From: Ryan Schmidt <subversion-2006Q1_at_ryandesign.com>
Date: 2006-04-28 22:52:53 CEST

On Apr 28, 2006, at 21:26, Gale, David wrote:

> Incidentally, this brings up a question I've often wondered: why
> doesn't
> subversion have a "client-only" install? Surely there's no need
> for the
> majority of svn installations to include svnadmin and svnserve, right?
> What I'd love to see is a "--client-only" option to configure, which
> disables all optional items (unless they're explicitly turned on), and
> which only creates the svn tool. Thus:
>
> ./configure # Creates all tools, with all available extras as
> current.
> ./configure --client-only # Creates just svn, no extras.
> ./configure --client-only -with-ssl # Creates just svn with ssl
> support.
>
> And so on. Any thoughts on this?

As far as I understand, because the Subversion client can also access
Subversion repository files directly (over the file:/// protocol,
without going through a Subversion server process), the client can do
all the same things as a server, and therefore has all the same
dependencies as the server. So we're only talking about saving the
disk space and compilation time for svnserve.
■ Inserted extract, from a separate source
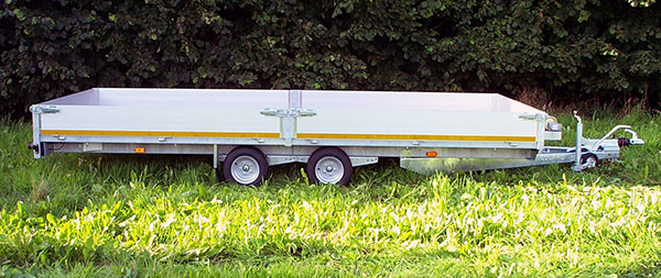 En plus de la location des vans pour le transport de chevaux, nous proposons deux autres types de remorques : une remorque plateau et une remorque bâchée.

Since Subversion can work without a server process, a user wanting
such a setup might reasonably expect to be able to get everything
done that they wanted to get done by using this hypothetical client-
only option. If so, they would also need svnadmin to be able to
create a repository and svnlook and svndumpfilter to manipulate it.

Any client, even those accessing a remote repository, would benefit
from having the svnversion command available.

The Subversion libraries are of course needed for the client as much
as for the server.

Don't underestimate the support implications. This is a very busy
mailing list. A lot of people use Subversion, among them a lot of
people who don't know how to, divided between those who have never
used a revision control system before, and those who have used a
different revision control system before (not sure which is worse).
Considering this, the team needs to make Subversion as easy to use as
possible. If they offered this client-only option, using it when its
use is warranted would merely save a small amount of time at
installation time (taking less and less time as computers get faster)
and a little bit of fixed disk space (Subversion philosophy is that
disk is cheap). Using the option when its use is unwarranted will
result in the user not installing components they need, which could
incur user frustration and an email to this list, which someone will
then have to answer.

This list is not exactly tech support as such, but it's similar
enough. And in tech support, you try to determine your "issue
drivers": why your users needed to ask for support, and look for ways
to help the next user do it right without having to call you. By not
providing a client-only option, Subversion removes one way in which
the user could screw up, and is therefore IMHO a good thing.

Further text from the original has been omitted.